“La Sirène à barbe” : un film de drag trop poli qui peine à briller

Dans la ville de Dieppe, les drag queens du cabaret de La Sirène à barbe brillent. C’est en tout cas l’impression qu’elles donnent sur scène, où des dizaines de spectateur·rices viennent les applaudir chaque soir. Parmi lesquel·les Erwan, jeune pêcheur néophyte du monde de la nuit qui va faire l’impossible : passer outre le rideau des coulisses et découvrir les individus qui composent cette troupe fougueuse mais abîmée.

À bien des égards, La Sirène à barbe fait écho aux Trois nuits par semaine, de Florent Gouëlou : deux films de concernés (Nicolas Bellenchombre dirige lui-même le cabaret éponyme, où il performe aussi depuis plusieurs années), aux bonnes intentions évidentes et qui cherchent à voir “derrière les costumes des personnages de scène”.

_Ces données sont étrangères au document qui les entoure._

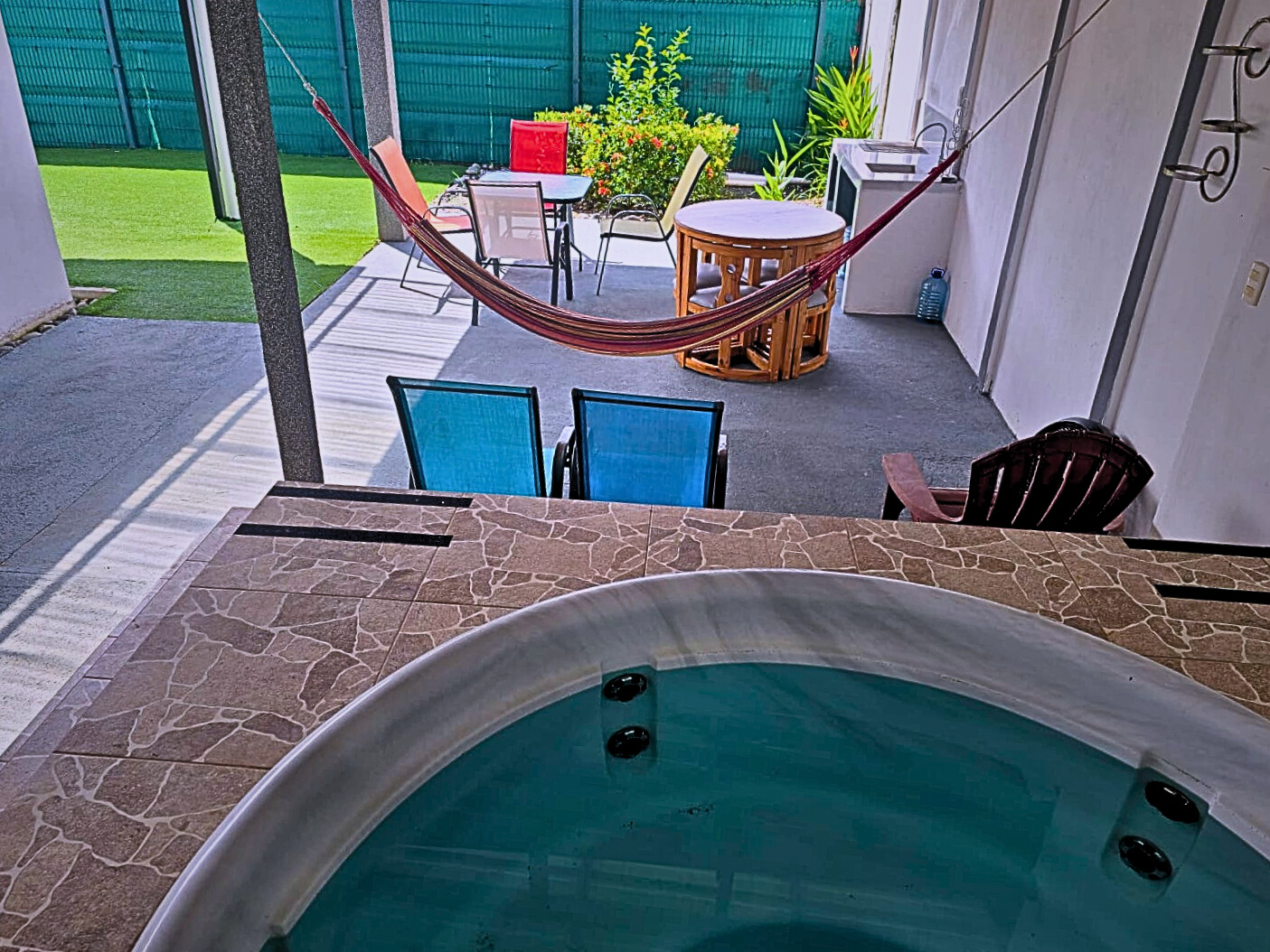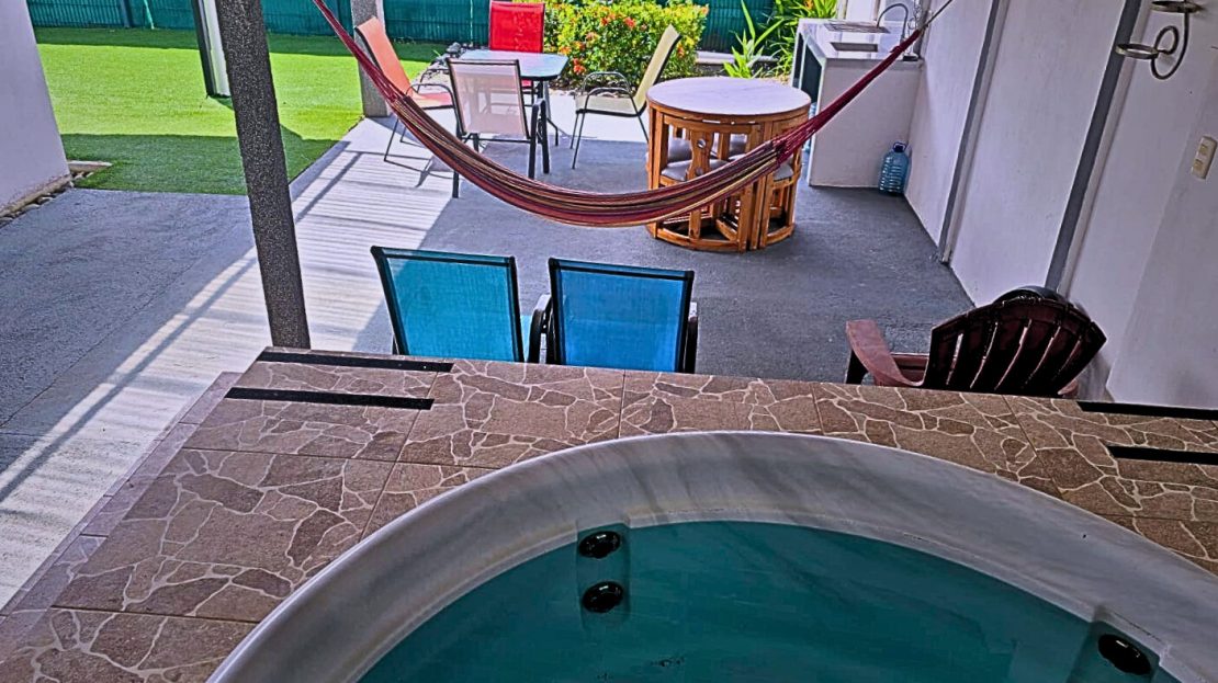 One of the most enjoyable features of the property is its private garden, which has a traditional-style rancho. An ideal place for relaxing, outdoor dining, or hosting informal gatherings. The jacuzzi sits among lush greenery, creating a calm retreat after a day at the beach. The home’s fenced yard and covered parking further support comfort and practicality.
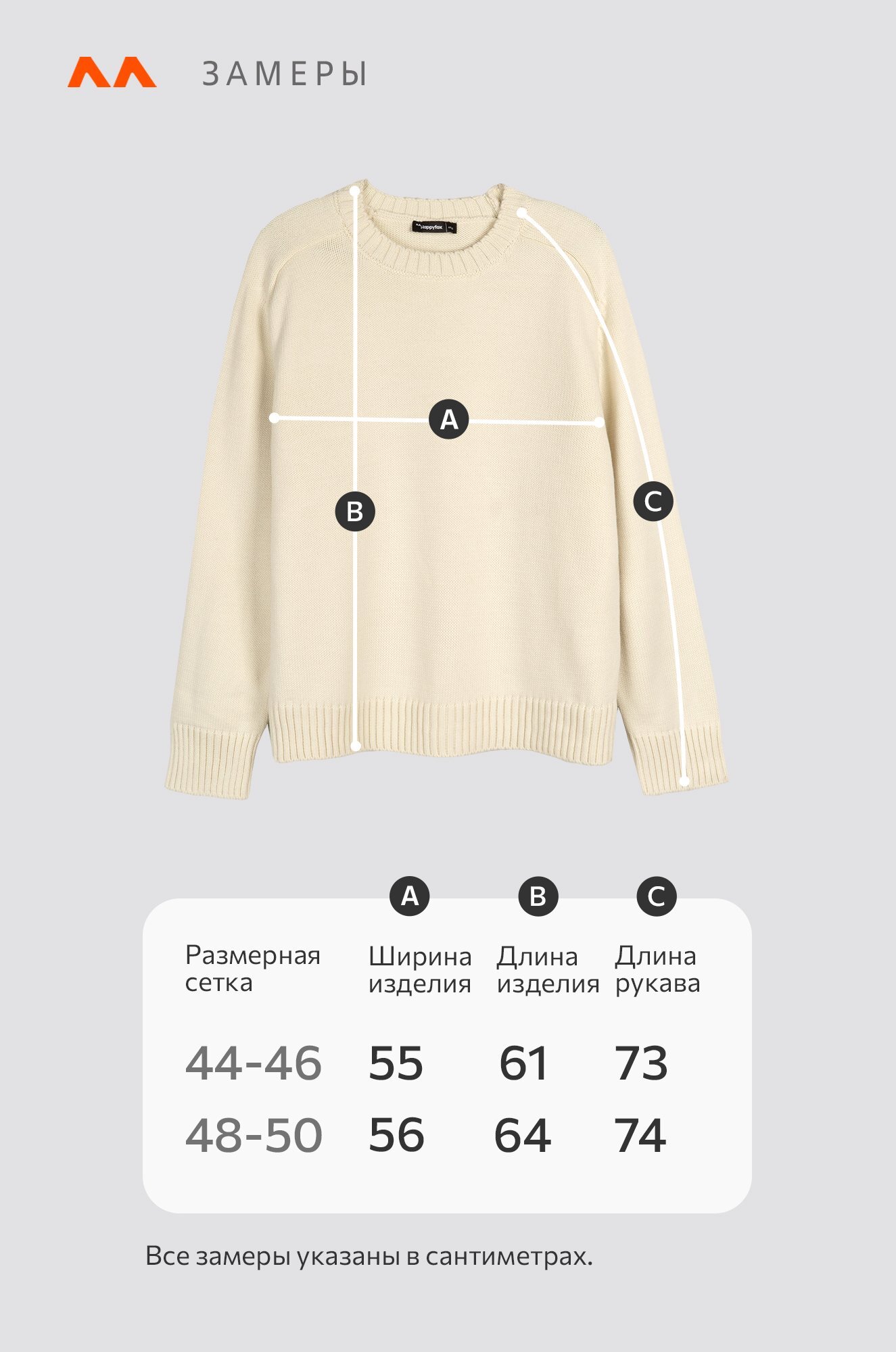 Размер 44-46: длина:61 см; ширина:55 см; длина рукава внешняя:73 см; длина рукава внутренняя:44 см.
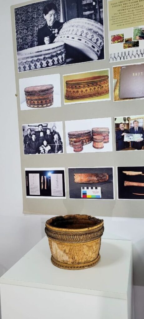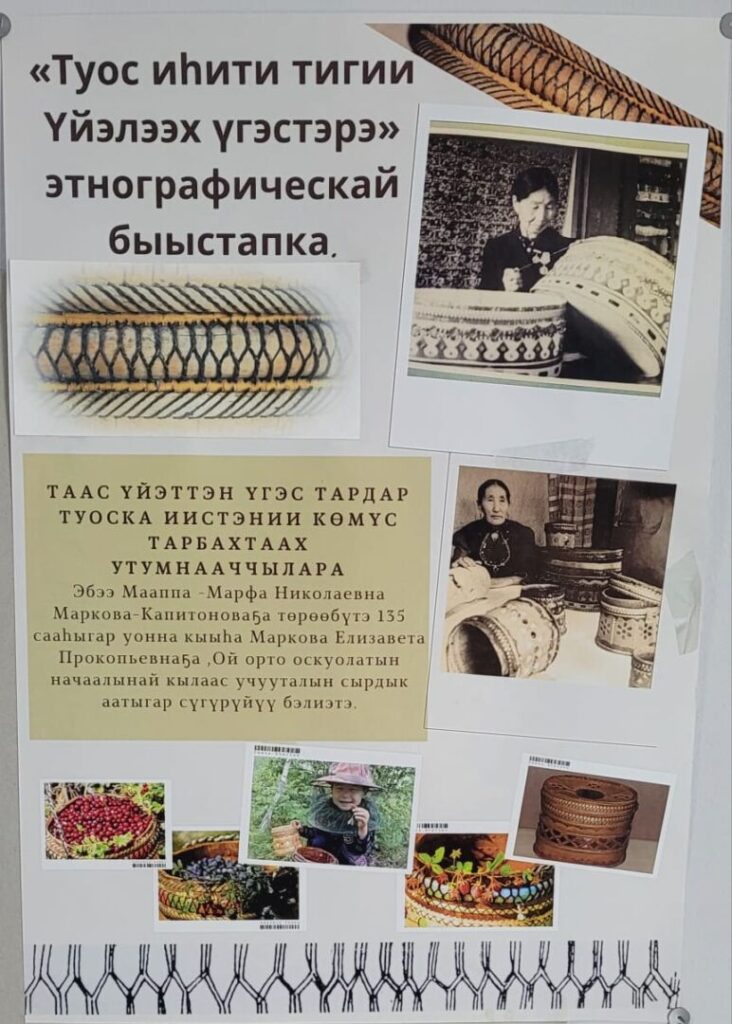 На выставке были представлены экспонаты из фонда Хангаласского улусного краеведческого музея им. Г. В. Ксенофонтова – береста из места захоронения Мазары Бозекова, подъемные материалы с долины Эркээни экспедиции школьников «Эллэйада» под руководством Прокопия Романовича Ноговицына, выставка рисунков-свитков участников объединения «Дьэр кустуга» (руководитель – Григорьева Марфа Дмитриевна), экспонаты раскопок 2023 года, проведенные работниками Института гуманитарных исследований и проблем малочисленных народов Севера СО РАН и волонтерами под руководством Прокопьевой А. Н.
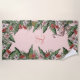 Tropical Pink Flamingo & Hibiscus Monogrammed Beach Towel
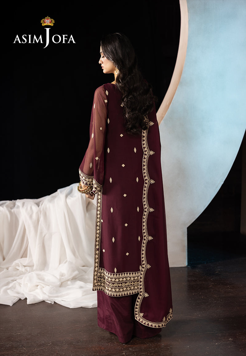 Bathed in the richness of plum, this ensemble feels like poetry stitched into fabric. The front-open shirt showcases masterful aari embroidery, where soft beige threads and antique gold zari trace delicate patterns like whispers across the canvas. The design exudes an impeccable aura, effortlessly merging traditional craft with a contemporary silhouette. Completing the look, the dupatta is adorned with refined embroidery and finished with scalloped edges—like a gentle flourish at the end of an elegant verse.

Un kaléidoscope exhaustif des existences queers

Mais à l’instar du film de Florent Gouëlou, celui de Bellenchombre et Delamotte se montre trop sage et sans aspérités. Comme s’ils avaient voulu créer une sorte d’espace sécurisant, un film aux atours de safe place où l’inoffensif demeure et où l’inconséquent fait loi. D’autant plus dommage que le duo de cinéaste ne manque pas d’aligner quelques motifs d’un cinéma gay bien référencé, allant du rose pastel et des marins de Jacques Demy aux dérobées sexuelles en bord de port de Fassbinder, sans pour autant réussir à se montrer à la hauteur de ces citations.

Le film tente ainsi de répondre à plusieurs considérations relativement légitimes : d’abord conjurer les récits parisiano-centrés en offrant un kaléidoscope exhaustif des existences queers, à la manière de ce qu’avait proposé Gaël Lépingle avec Les Garçons de province en 2022, puis donner corps à ces histoires remplies de solitude sans les alourdir d’un ton trop dramatique.

À ce titre, Nicolas Bellenchombre et Arthur Delamotte teintent leur film d’un prosaïsme certain, mais le trahissent ici et là. Dans les scènes de performance notamment, où les danses et numéros semblent être recouverts d’un voile de glace qui gommerait toutes les imperfections qui risqueraient de rendre leurs interprètes plus vulnérables qu’il·elles ne le sont déjà.

Les drag queens, avec leurs joies et leurs peines

Elles sont loin les envolées humoristiques et enragées que Priscilla, folle du désert ou encore Hedwig and the Angry Inch donnaient à voir il y a plus de 20 ans. Aujourd’hui, au cinéma, les drag queens doivent impérativement être vues comme des artistes complètes, et être respectées comme telles. Plus le droit ni à l’erreur ni à l’approximatif donc, encore moins à ce chaos si jubilatoire qui fait son ADN, mais place à la beauté et à l’envoûtement.

À ce petit jeu, le film perd bien plus qu’il ne gagne : les queens de La Sirène à barbe, aussi parfaites soient-elles, et celleux qui se cachent derrière, peinent à s’affranchir de ces standards auxquels ils et elles sont tenu·es. Des personnes à part entière, avec leurs joies et leurs peines, oui. Mais des personnages de cinéma, jamais.

La Sirène à barbe de Nicolas Bellenchombre et Arthur Delamotte, avec Maxime Sartori, Fabrice Morio, Alonso Ojeda. En salle le 2 octobre.